HSBC has been offering Islamic financial services in Malaysia since 1994, with a 4% share of the Islamic financial services market. As of September, Islamic finance contributed 10.5% ($51.3m) of the bank's total operating income. The company launched HSBC Amanah, its dedicated global Islamic brand, in 1998. Yakub Bobat, managing director for HSBC Amanah in Malaysia, has indicated that the country will be designated as the regional centre for HSBC's Islamic banking business in the Asia Pacific region, providing services to markets in India, Hong Kong, China, Bangladesh, Indonesia and Brunei.

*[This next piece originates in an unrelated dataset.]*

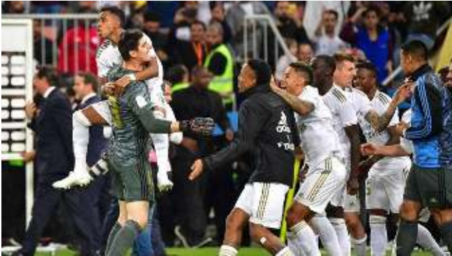
Les joueurs du Real Madrid sautent sur Thibaut Courtois après leur victoire aux tirs au but contre leur rival de l'Atletico.

n'en ont raté aucun. Un seul tir au but a été inscrit pour l'Atletico, celui du latéral Trippier. Sergio Ramos, le capitaine, a inscrit le penalty de la victoire, 4-1. C'est la 11 ème Supercoupe d'Espagne remportée par le Real Madrid, la dernière ayant été gagnée en 2017.

With a stand-alone Islamic licence, HSBC Amanah Malaysia will be treated as separate bank, with its own board of directors and balance sheets. There are no limits on the number of branches it can open, a significant factor as foreign banks to date have been limited to opening only a few new branches each year, especially in competitive urban locations. The rules state that Islamic windows are allowed to serve conventional customers, although they cannot cross-sell conventional products through the Islamic branch network.
The limit on branch openings for foreign banks has been a sensitive issue, with local banks arguing that exposure to foreign competition should be gradual, allowing them to build up the competency, size and expertise to compete.
Julian Wynter, CEO of Standard Chartered Malaysia, told OBG, "This is fair, as foreign banks need to contribute to community development. No country in the world would let foreign banks dominate domestic banks. The local banks are getting better because [...] we bring in competition and help consumers get improved standards."
In addition to bringing in international best practices and spurring innovation, international banks also offer global networks and can help further expand Malaysia's Islamic banking offering to international customers.
Standard Chartered, along with CitiGroup and OCBC, are all expected to be granted Islamic stand-alone licences within the next year.
Malaysia is considered a leader in Islamic banking, which accounts for 13% of the country's banking assets. The country is particularly strong in Islamic capital markets, with 50% of the sukuks (Islamic bonds) issued globally transacted in Malaysian currency. Other Islamic financial service offerings where Malaysia holds a niche leadership are takaful (sharia-compliant insurance) and education.
Malaysia's Islamic financial services market is aided by strong ties with the Middle East. Two years ago three Middle Eastern Islamic banks, Kuwait Finance House, Saudi Arabia's Al Rajhi, and Qatar-based Asian Finance, were granted licences to set up in the country.
Malaysia has established standard-setting institutions such as the international Islamic Financial Services Board and the International Centre for Education in Islamic Finance to cement its position as an industry leader. BNM and the securities commission have also jointly established the Malaysia International Islamic Finance Centre, which is mandated to liberalise the sector and allow for more foreign participation.
Keith Driver, CEO of HSBC Amanah Takaful Malaysia, the bank's Islamic insurance unit, told OBG, "BNM wants Malaysia to become an Islamic finance hub, and allowing foreign players will help to make an industry that in the past has been perceived as old-fashioned and reserved for Muslims, more commercially vibrant."
To tap into an estimated $1.5trn worth of funds floating in the Middle East and an industry that has shown 15% growth since 2000, Singapore, Hong Kong and Tokyo are all actively looking to capture a share of the pie. Before September 11th, many Middle East investors had funds in the US, UK and Switzerland. Today, with heightened security concerns, they are increasingly looking east and investing closer to home. As Islamic transactions must have underlying assets, an abundance of real estate and construction projects in the Asia Pacific region make for attractive investment options.
With Asia becoming increasingly competitive in the area of Islamic finance, liberalisation, as evidenced by BNM's decision to permit foreign conventional banks to operate Islamic subsidiaries, is seen as a key for Malaysia to sustain its leadership position.